The Eighth Army is a U.S. field army which commands all United States Army forces in South Korea. It is headquartered at the Camp Humphreys in the Anjeong-ri of Pyeongtaek, South Korea. Eighth Army relocated its headquarters from Yongsan to Camp Humphreys in the summer of 2017. It is the only field army in the U.S. Army. It is responsible to United States Forces Korea and United States Army Pacific.

History

World War II

The unit first activated on 10 June 1944 in the United States, under the command of Lieutenant General Robert Eichelberger. The Eighth Army took part in many of the amphibious landings in the Southwest Pacific Theater of World War II, eventually participating in no less than sixty of them. The first mission of the Eighth Army, in September 1944, was to take over from the U.S. Sixth Army in New Guinea, New Britain, the Admiralty Islands and on Morotai, in order to free up the Sixth Army to engage in the Philippines Campaign (1944–45).

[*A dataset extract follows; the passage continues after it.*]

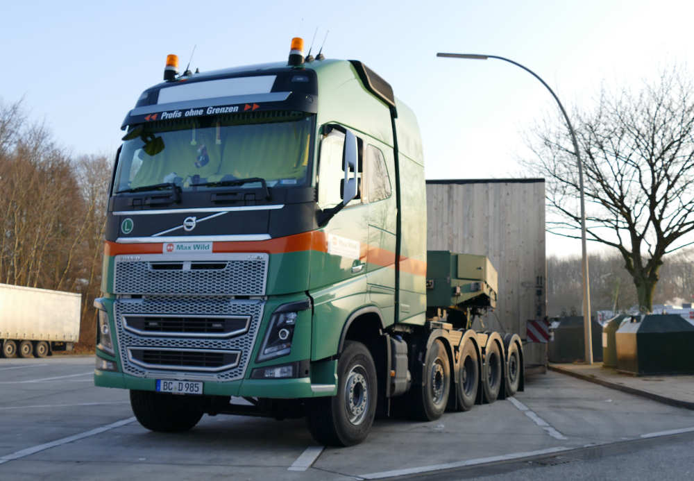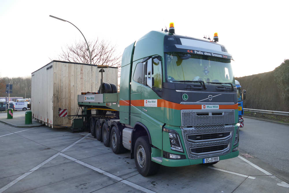 Max Wild Volvo FH 16 660 Euro 6 10x4 mit Goldhofer STZ VP 4 Und Maschinenkiste für den Export nach China

The Eighth Army again followed in the wake of the Sixth Army in December 1944, when it took over control of operations on Leyte Island on 26 December. In January, the Eighth Army entered combat on Luzon, landing the XI Corps on 29 January near San Antonio and the 11th Airborne Division on the other side of Manila Bay two days later. Combining with I Corps and XIV Corps of Sixth Army, the forces of Eighth Army next enveloped Manila in a great double-pincer movement. Eighth Army's final operation of the Pacific War was that of clearing out the southern Philippines of the Japanese Army, including on the major island of Mindanao, an effort that occupied the soldiers of the Eighth Army for the rest of the war.

Occupation of Japan

Eighth Army was to have participated in Operation Downfall, the invasion of Japan. It would have taken part in Operation Coronet, the second phase of the invasion, which would have seen the invasion of the Kantō Plain on eastern Honshū. However, the Japanese surrender cancelled the invasion, and the Eighth Army found itself in charge of occupying it peacefully. Occupation forces landed on 30 August 1945, with its headquarters in Yokohama, then the HQ moved to the Dai-Ichi building in Tokyo. At the beginning of 1946, Eighth Army assumed responsibility for occupying all of Japan. Four quiet years then followed, during which the Eighth Army gradually deteriorated from a combat-ready fighting force into a somewhat soft, minimally-trained constabulary. Lieutenant General Walton H. Walker took command in September 1948, and he tried to re-invigorate the Army's training, with mixed success.

Korean War
At the end of World War II in 1945, Korea was divided into North Korea and South Korea with North Korea (assisted by the Soviet Union), becoming a communist government after 1946, known as the Democratic People's Republic, followed by South Korea becoming the Republic of Korea. China became the communist People's Republic of China in 1949. In 1950, the Soviet Union backed North Korea while the United States backed South Korea, and China allied with the Soviet Union in what was to become the first military action of the Cold War.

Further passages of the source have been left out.